Task requirements
Once the line containing "総合の学習では、「むかしから" is found, please copy it and all lines after it through the end of the records, exactly, leaving out pictures.

(Stored entries)
=======

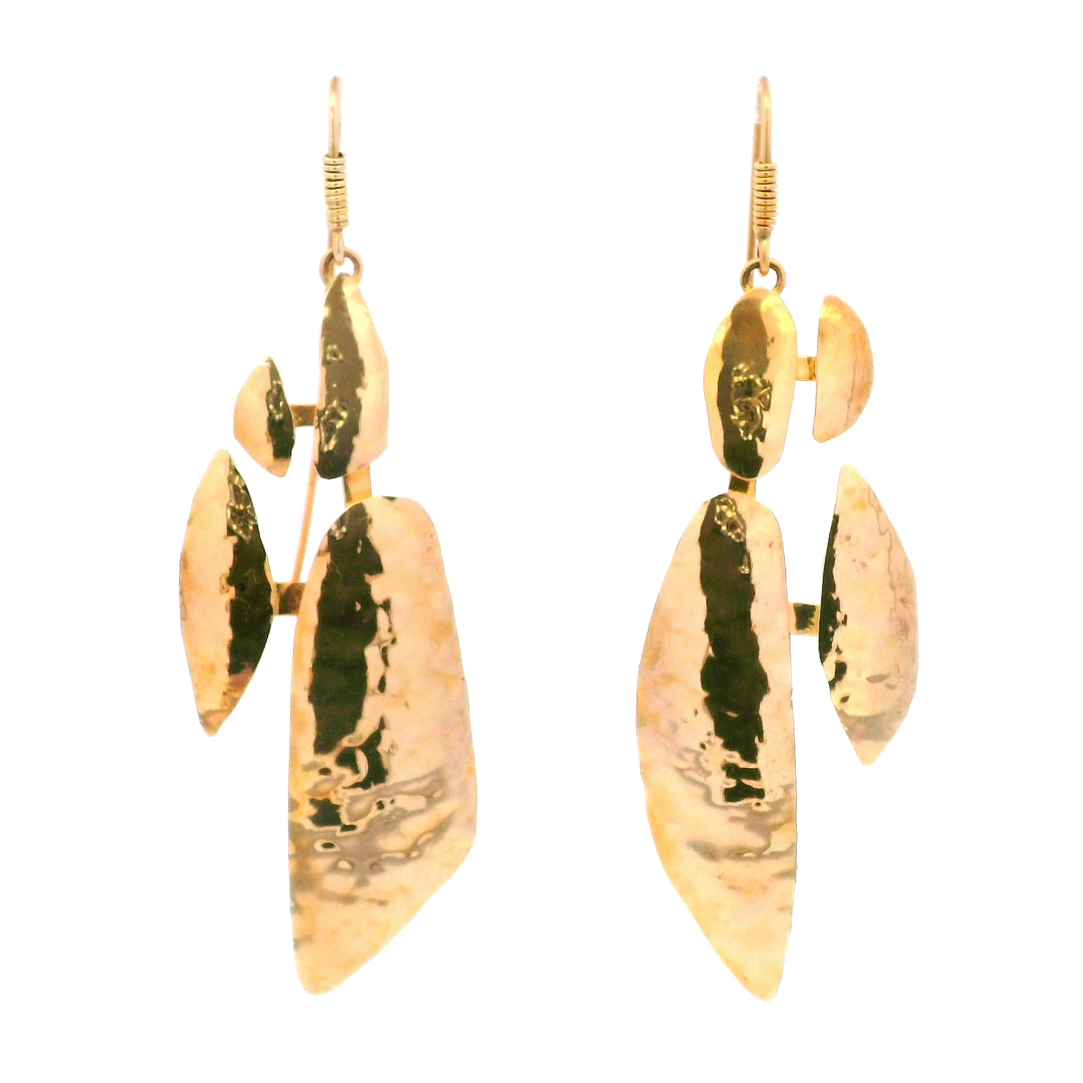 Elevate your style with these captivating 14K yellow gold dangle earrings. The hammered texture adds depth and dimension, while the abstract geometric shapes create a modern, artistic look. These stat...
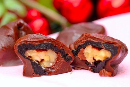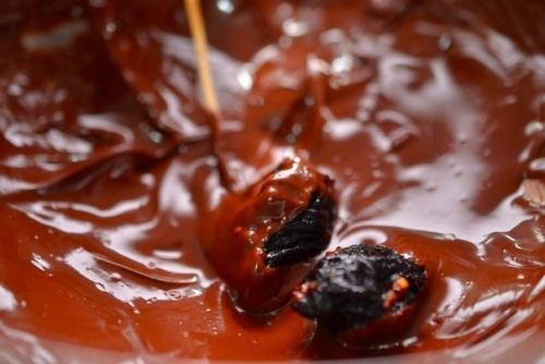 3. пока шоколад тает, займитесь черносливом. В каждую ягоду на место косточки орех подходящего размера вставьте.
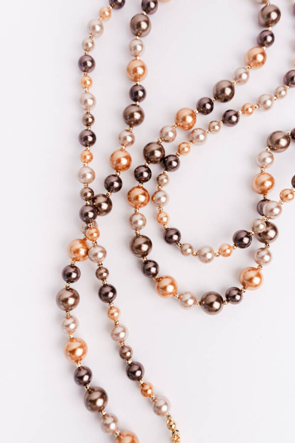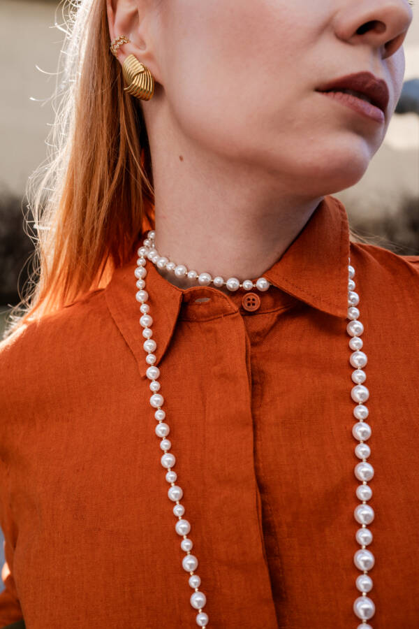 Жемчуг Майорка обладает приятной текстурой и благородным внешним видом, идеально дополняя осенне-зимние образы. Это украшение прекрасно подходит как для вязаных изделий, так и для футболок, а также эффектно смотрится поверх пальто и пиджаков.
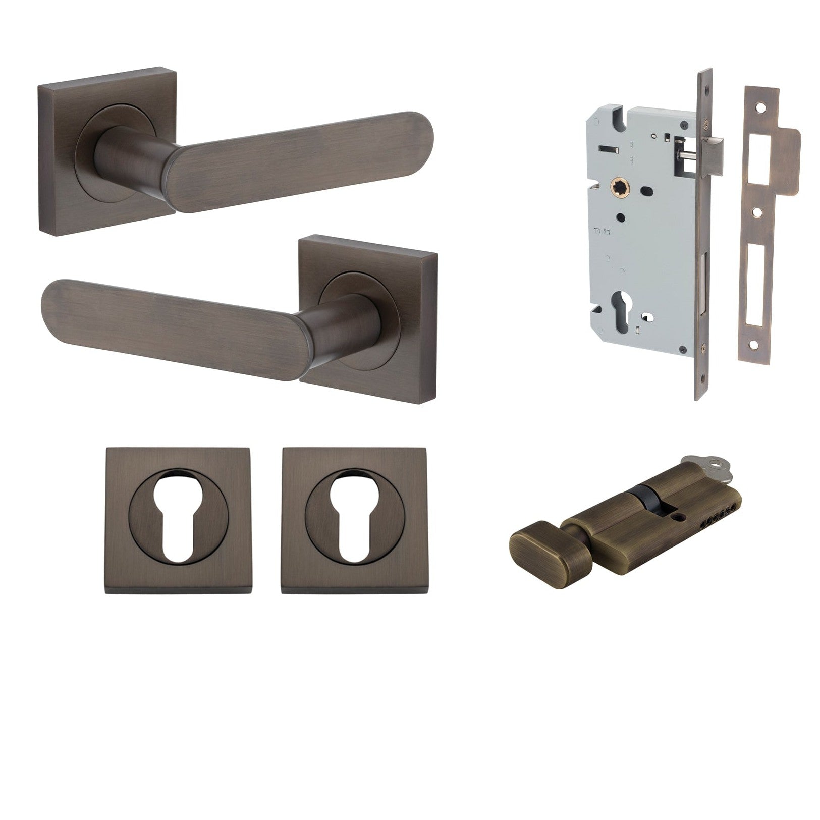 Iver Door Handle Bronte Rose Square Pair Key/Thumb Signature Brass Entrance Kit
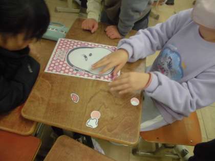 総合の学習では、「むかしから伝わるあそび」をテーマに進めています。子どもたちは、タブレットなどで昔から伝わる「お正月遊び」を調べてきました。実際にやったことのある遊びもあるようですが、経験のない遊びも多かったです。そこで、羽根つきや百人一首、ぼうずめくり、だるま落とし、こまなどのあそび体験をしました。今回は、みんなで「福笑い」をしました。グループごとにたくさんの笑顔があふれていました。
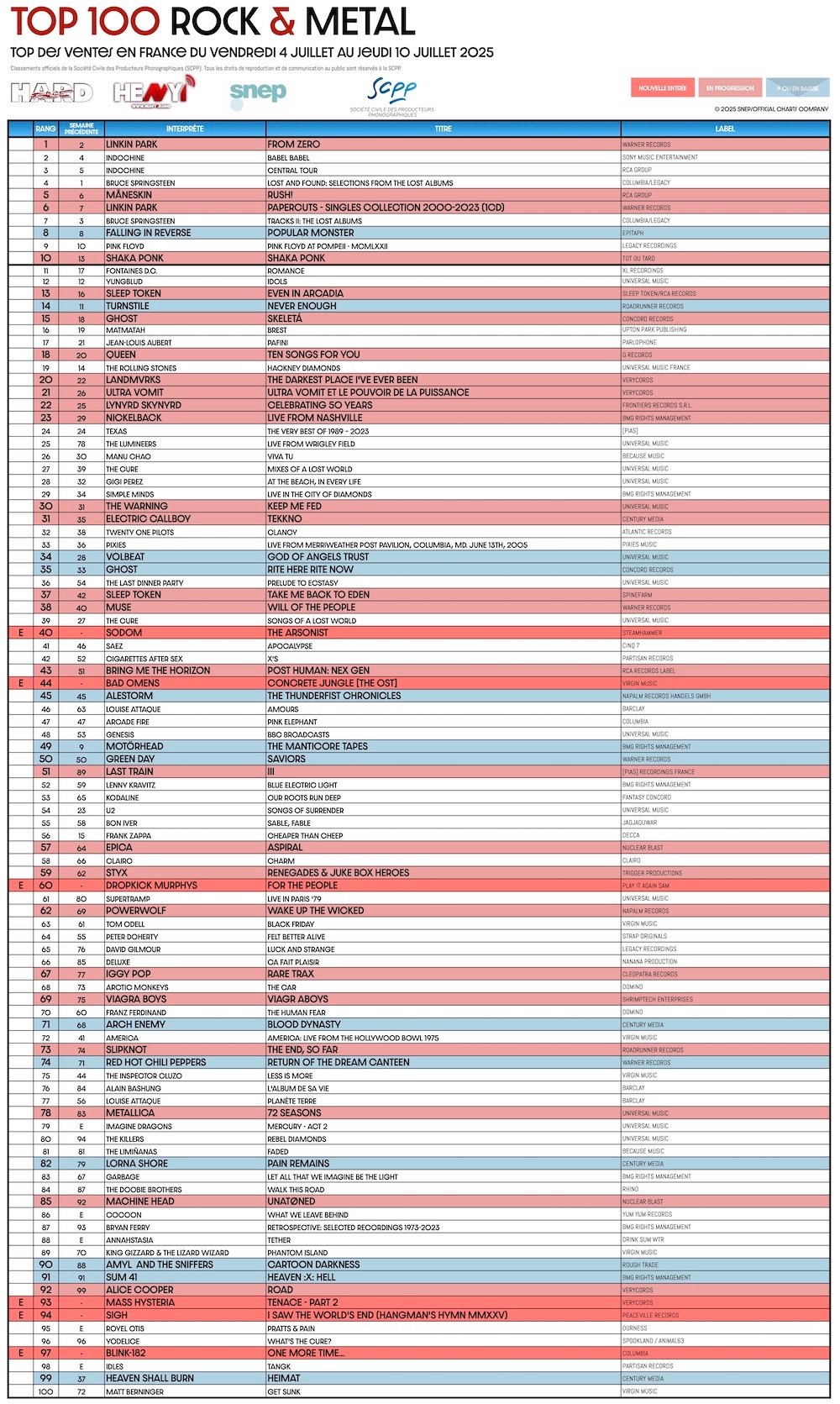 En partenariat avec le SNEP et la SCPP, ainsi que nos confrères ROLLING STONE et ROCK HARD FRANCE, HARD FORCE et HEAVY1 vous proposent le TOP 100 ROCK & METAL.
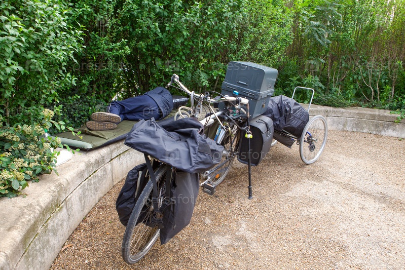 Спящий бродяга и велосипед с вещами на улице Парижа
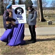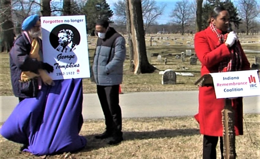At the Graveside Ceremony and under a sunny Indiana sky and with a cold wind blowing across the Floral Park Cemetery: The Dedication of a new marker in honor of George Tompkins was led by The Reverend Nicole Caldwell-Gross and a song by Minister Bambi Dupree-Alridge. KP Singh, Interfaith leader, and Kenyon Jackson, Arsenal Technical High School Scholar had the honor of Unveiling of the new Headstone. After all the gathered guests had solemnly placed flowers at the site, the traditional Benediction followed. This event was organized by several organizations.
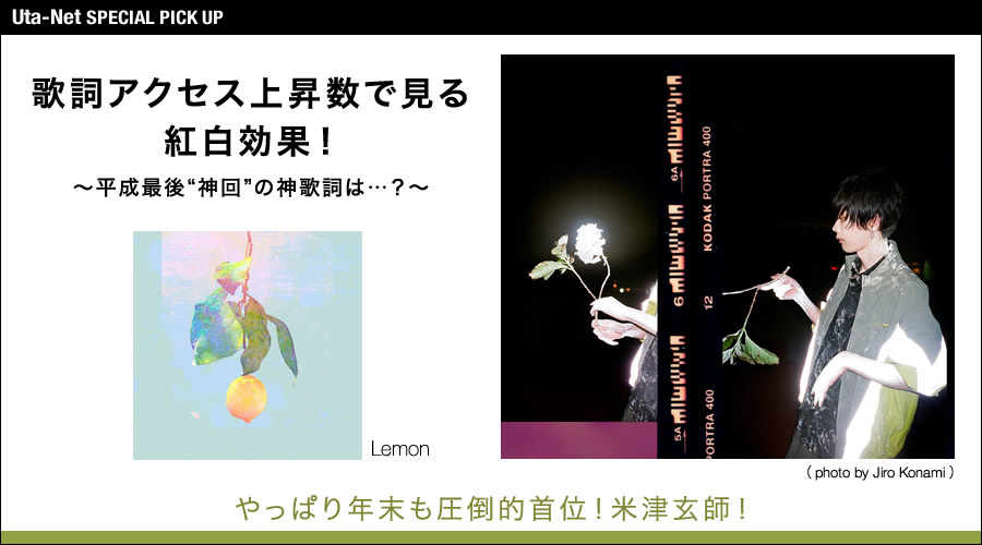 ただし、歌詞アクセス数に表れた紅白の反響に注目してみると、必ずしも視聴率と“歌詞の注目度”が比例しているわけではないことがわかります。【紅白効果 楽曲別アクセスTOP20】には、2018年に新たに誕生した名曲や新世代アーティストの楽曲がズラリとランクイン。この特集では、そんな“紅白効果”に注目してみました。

=======

Result for this exercise
 総合の学習では、「むかしから伝わるあそび」をテーマに進めています。子どもたちは、タブレットなどで昔から伝わる「お正月遊び」を調べてきました。実際にやったことのある遊びもあるようですが、経験のない遊びも多かったです。そこで、羽根つきや百人一首、ぼうずめくり、だるま落とし、こまなどのあそび体験をしました。今回は、みんなで「福笑い」をしました。グループごとにたくさんの笑顔があふれていました。
 En partenariat avec le SNEP et la SCPP, ainsi que nos confrères ROLLING STONE et ROCK HARD FRANCE, HARD FORCE et HEAVY1 vous proposent le TOP 100 ROCK & METAL.
 Спящий бродяга и велосипед с вещами на улице Парижа
At the Graveside Ceremony and under a sunny Indiana sky and with a cold wind blowing across the Floral Park Cemetery: The Dedication of a new marker in honor of George Tompkins was led by The Reverend Nicole Caldwell-Gross and a song by Minister Bambi Dupree-Alridge. KP Singh, Interfaith leader, and Kenyon Jackson, Arsenal Technical High School Scholar had the honor of Unveiling of the new Headstone. After all the gathered guests had solemnly placed flowers at the site, the traditional Benediction followed. This event was organized by several organizations.
 ただし、歌詞アクセス数に表れた紅白の反響に注目してみると、必ずしも視聴率と“歌詞の注目度”が比例しているわけではないことがわかります。【紅白効果 楽曲別アクセスTOP20】には、2018年に新たに誕生した名曲や新世代アーティストの楽曲がズラリとランクイン。この特集では、そんな“紅白効果”に注目してみました。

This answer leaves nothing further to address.